Ora, la proposta dell’Ulivo era davvero vicinissima al Bundesrat tedesco, sia sul piano della composizione (rigorosamente riservata alle istituzioni regionali o lander) sia sul piano della definizione numerica per ciascuna regione (o land). Cosa diavolo c’entri, però, il modello tedesco sollevato dalla Boschi con la sua proposta di legge resta davvero un mistero. Il Senato immaginato dalla coppia Renzi-Boschi è infatti una composizione di tre istanze istituzionali: Quirinale, Regioni, Comuni. E non attribuisce i seggi in base al numero della popolazione, ma ad un astruso calcolo che qui evitiamo di riportare (basti dire che la Val d’Aosta o il Molise avranno lo stesso numero di senatori del Piemonte o della Lombardia. Il modello sembra quello del Senato americano, piuttosto, che elegge due senatori in ognuno dei 50 stati a prescindere dalla popolazione). 

Insomma, la Boschi rimprovera a Chiti una mancata coerenza con l’Ulivo, che proprio il suo testo strappa, nel merito e nel metodo. La differenza tra il sistema istituzionale e il Senato tedeschi e il modello immaginato e proposto dal governo è notevole ed evidente. Perciò, qual è la ragione di quella stramba provocazione del ministro Boschi? Se non quella di cercare un radicamento nobile nelle tesi uliviste? Radicamento del tutto inesistente, come si vede.

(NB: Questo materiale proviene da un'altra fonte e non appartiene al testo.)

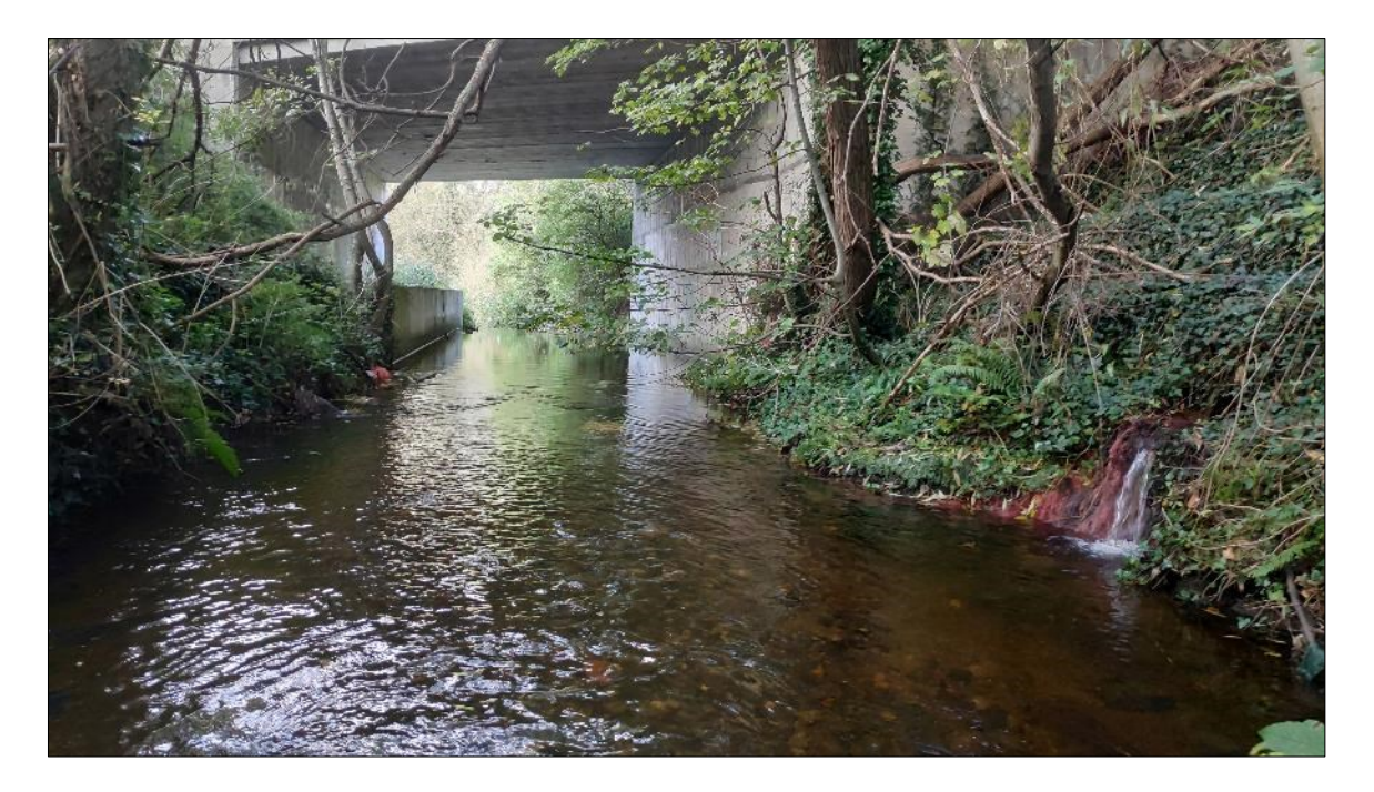
Plate 3.6 Representative image of site O2 on the Owendoher River (facing downstream towards road bridge with point source evident in right foreground)

3.2.7 Site O3 – Owendoher River, Rathfarnham Mill (EIAR Reference CBC1012AR002)

Vannino Chiti, che è politico di rango e informato, ha infatti risposto per le rime alla provocazione, diciamolo, un po’ saccente, della Boschi. Il testo del suo intervento è pubblicato integralmente su Dazebao. 

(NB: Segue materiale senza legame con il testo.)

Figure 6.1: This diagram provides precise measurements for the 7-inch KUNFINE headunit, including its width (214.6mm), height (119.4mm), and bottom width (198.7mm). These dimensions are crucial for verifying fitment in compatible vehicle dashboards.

Ciò che qui ci interessa è la sottolineatura di Chiti dell’interesse verso il modello spagnolo (dopo aver giustamente negato che il testo della Boschi sia fondato sul modello tedesco). Il Senato spagnolo infatti è un saggio mix di senatori eletti a suffragio universale (208) e di senatori eletti dai governi territoriali (tra i 56 e i 58). Anche in Spagna, il Senato è organo istituzionale di rappresentanza territoriale e non perde alcuna delle sue funzioni se è elettivo. Anzi, le esalta, proprio nei confronti della Corona e del Congresso dei Deputati. In Spagna, hanno ritenuto che l’elettività del Senato potesse rafforzare i poteri di controllo legislativo dei territori, sulle istituzioni centrali, pur nelle vistose differenze funzionali. Ovvero, ai legislatori spagnoli non è sfuggita la questione dei checks and balances (delle autorità di controllo) dinanzi ai poteri di una sola Camera e di un esecutivo fortemente rafforzato. Per questo, il Senato è per più dei due terzi elettivo.

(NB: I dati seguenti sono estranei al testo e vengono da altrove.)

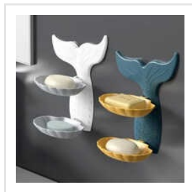
Mermaid Plastic Soap Holder
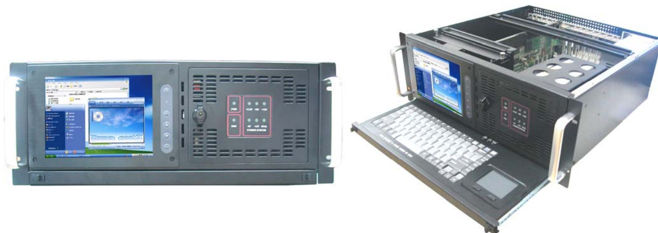
5U Rack Mount 10.4 TFT LCD workstation Front Accessible KB/Touch pad drawer
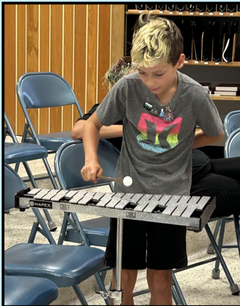
A few shots from a recent jam session
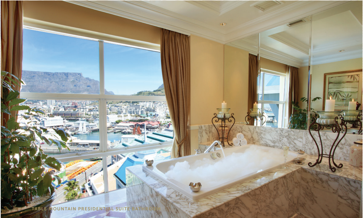
TABLE MOUNTAIN PRESIDENTIAL SUITE BATHROOM
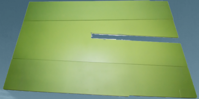
PANEL AFT CTR; RMA-C6FS3474-15 PANEL AFT LH; RMA-C6FS3474-9 PANEL AFT RH :RMA-C6FS3474-11

Our aluminum honeycomb sandwich construction ensures a strong replacement panel to increase the life of your twin otter interior and improve the look of its cabin.

La proposta avanzata da Chiti e da altri senatori pare davvero più saggia e coerente rispetto al minestrone di modelli elaborato dal governo Renzi (al solo dichiarato scopo di “fare presto” e di “eliminare gli sprechi”, come se il Senato fosse uno spreco in sé). Può la fretta, motivata dalla Boschi nel corso della sua intervista a De Marchis, giustificare l’irrazionalità di un atto costituzionale? Assolutamente no. Meglio, molto meglio, se Chiti e gli altri senatori non mollassero e invocassero almeno un po’ di verità nel dibattito pubblico. Soprattutto quando a parlare sono ministri, giovani, di questo governo.